METHODS: We evaluated maternal intraperitoneal (IP) exposure to As 9.6 mg/kg (as sodium arsenate) in LM/Bc/Fnn mice for teratogenicity and disruption of maternal plasma glucose and insulin levels. Selected compounds (insulin pellet, sodium selenate (SS), N-acetyl cysteine (NAC), l-methionine (L-Met), N-tert-Butyl-alpha-phenylnitrone (PBN)) were investigated for their potential to mitigate arsenate's effects.

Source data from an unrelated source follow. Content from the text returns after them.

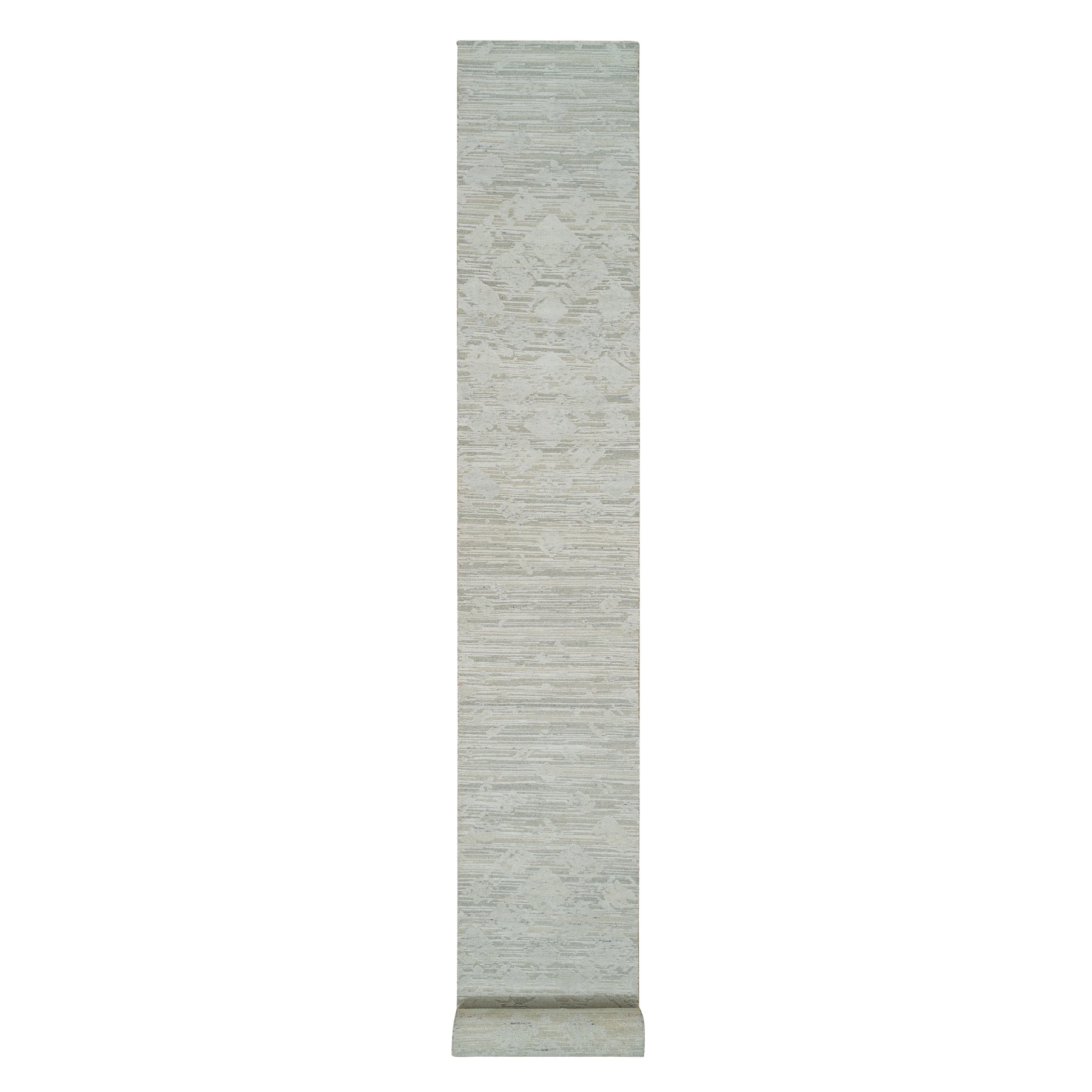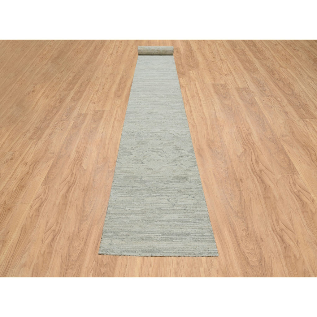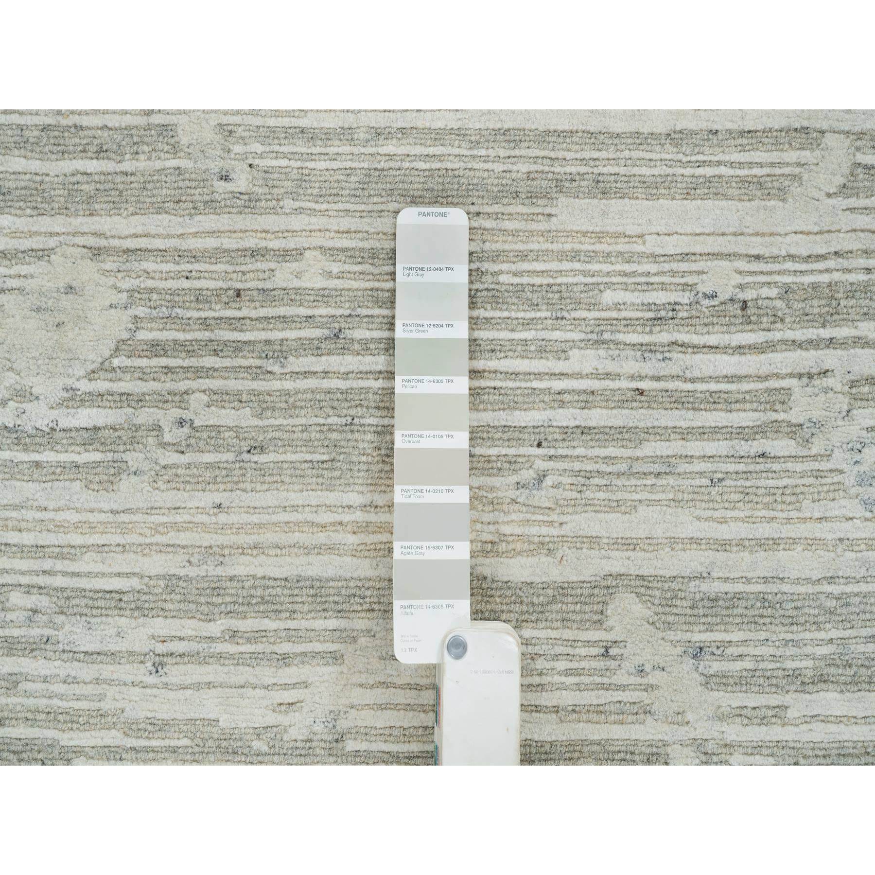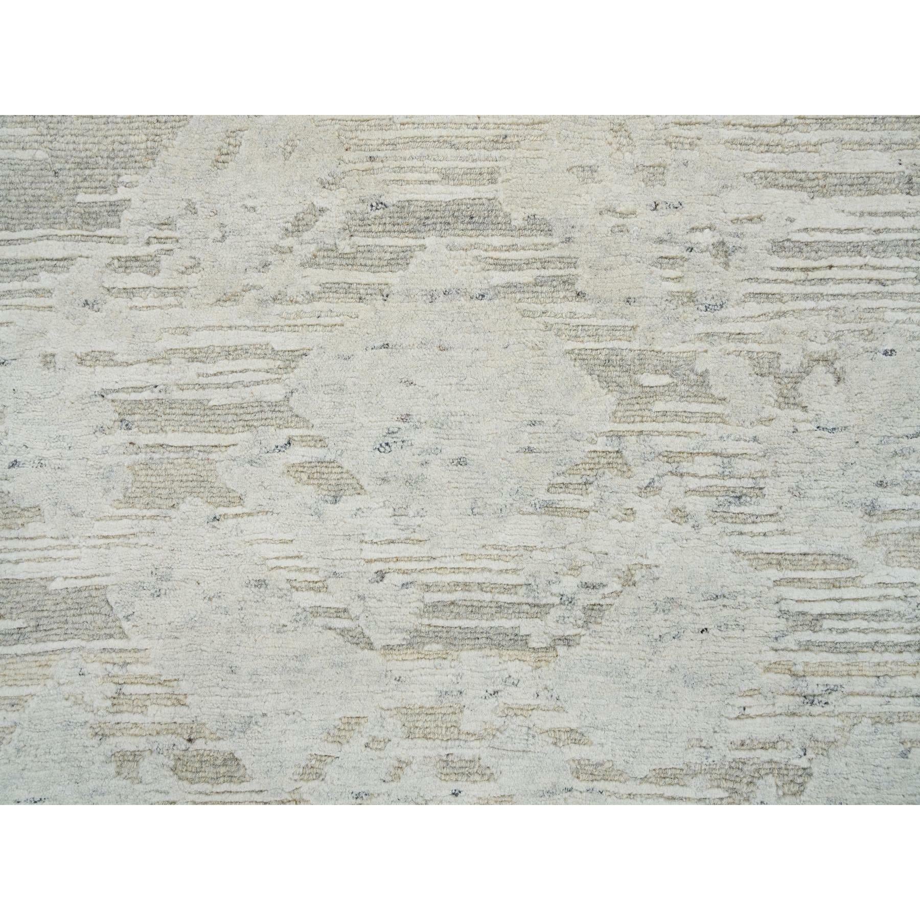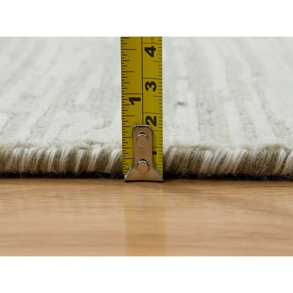 2'6"x25'10" Ivory, Modern Design, Hand Spun Undyed Natural Wool, Hand Knotted, Xl Runner Oriental Rug FWR390954
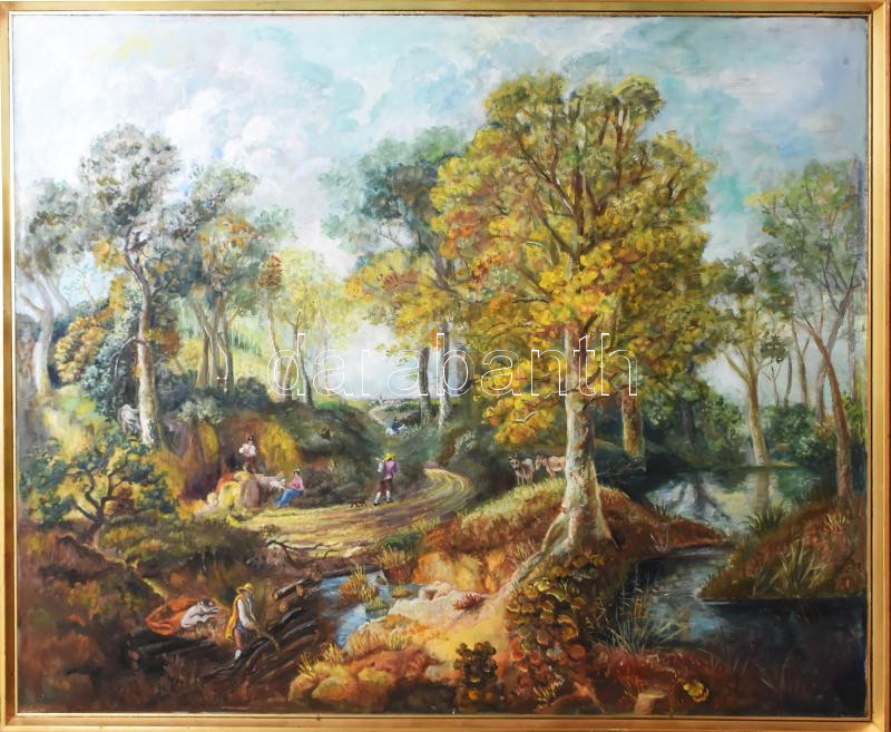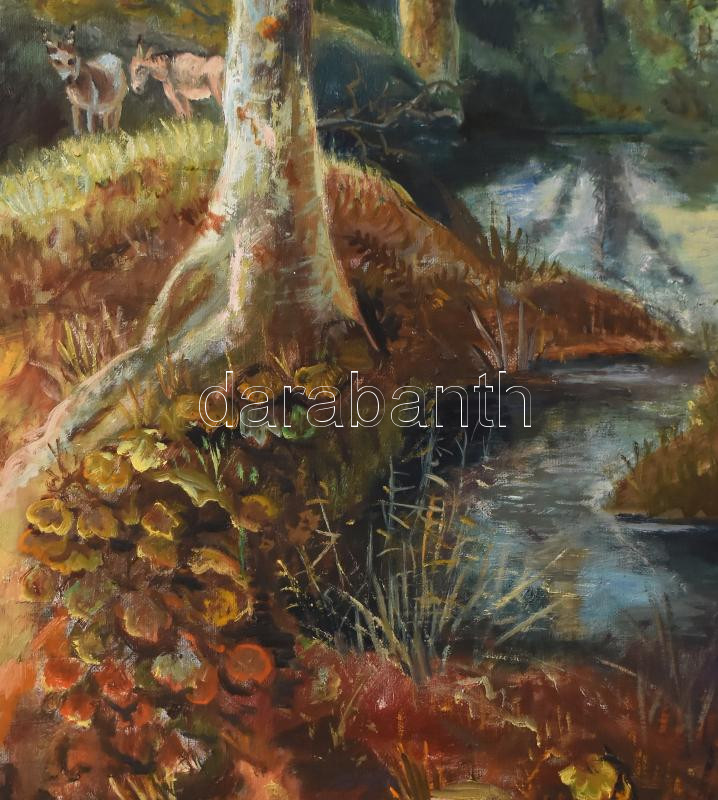 Jelzés nélkül: Erdei jelenet. Olaj, vászon. Sérült. Fakeretben. 80x100 cm. KIZÁRÓLAG SZEMÉLYES ÁTVÉTEL, NEM POSTÁZZUK! / ONLY PERSONAL COLLECTION IN OUR OFFICE!
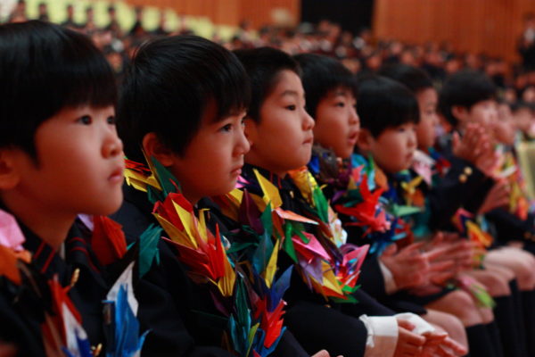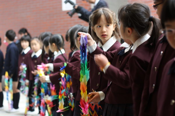 折り鶴で作った首飾りを持って新入生を迎える2年生たち
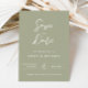 Our elegant, simple sage green Save The Date Wedding invitation card with white calligraphy script is perfect for your stylish wedding celebration. A beautiful pairing of white calligraphy font with simple and clean text on a soft green background makes for an elevated look to complement your special day. Easy to customize yourself with your own names and wedding event details.
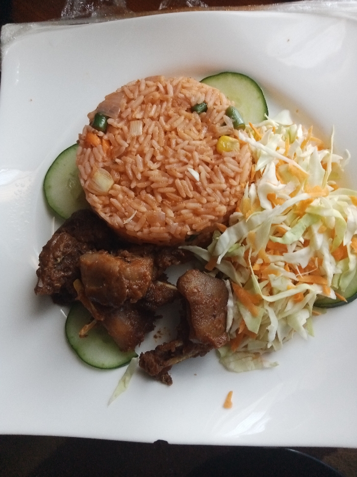 The scene depicts a prepared meal served on a white, rectangular plate with subtly curved edges. Location: Unknown, Unknown. The primary subject is an oval-shaped mound of reddish-orange Jollof rice, prominently positioned towards the upper-center. The rice contains visible inclusions of diced onions, green peas/beans, corn kernels, diced carrots, and small, white, irregular pieces that appear to be scrambled egg. To the lower-left of the rice, several irregularly shaped, dark brown pieces of stewed or grilled meat are arranged. These pieces exhibit varied textures, and some appear to be bone-in. To the right of the rice, a distinct pile of shredded white cabbage and grated orange carrots forms a side salad. Four round, green cucumber slices are arranged around the meal, serving as garnish and an additional side, with two visible on the left and two on the right. The background is dark and out of focus, indicating an indoor dining setting, possibly on a dark table surface, with a faint, blurry hint of a transparent plastic-covered item in the upper-left corner. No individuals or specific actions are depicted.
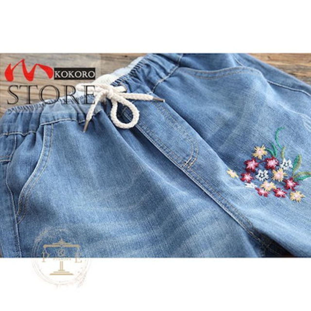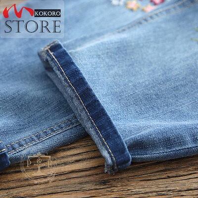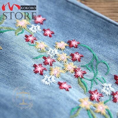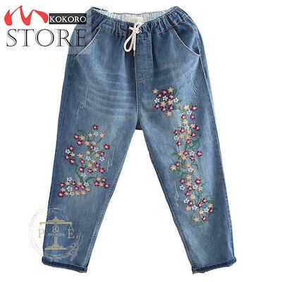 最新の製品 デニムパンツ レディース 春夏 花柄刺繍 ゴムウエスト 七分丈パンツ ジーンズ ゆったり ハロンパンツ 大きいサイズ
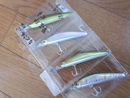 とある日、TIMON ルアーデザイナー藤松氏より、四つの『トリコロール88F MD』が届きました。
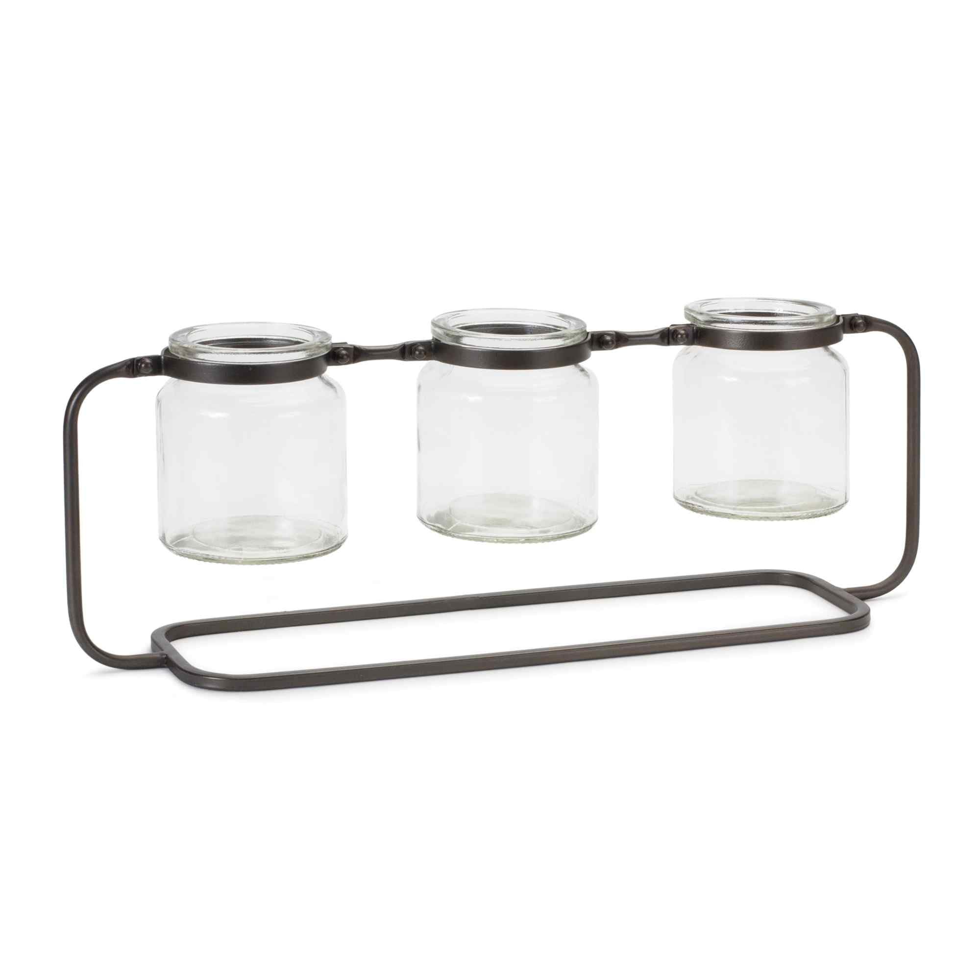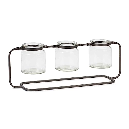 19.75" Clear Decorative Glass Bottle Vases in Stand

RESULTS: Arsenate caused significant glucose elevation during an IP glucose tolerance test (IPGTT). Insulin levels were not different between arsenate and control dams before (arsenate, 0.55 ng/dl; control, 0.48 ng/dl) or after glucose challenge (arsenate, 1.09 ng/dl; control, 0.81 ng/dl). HOMA-IR index was higher for arsenate (3.9) vs control (2.5) dams (p=0.0260). Arsenate caused NTDs (100%, p<0.0001). Insulin pellet and NAC were the most successful rescue agents, reducing NTD rates to 45% and 35%.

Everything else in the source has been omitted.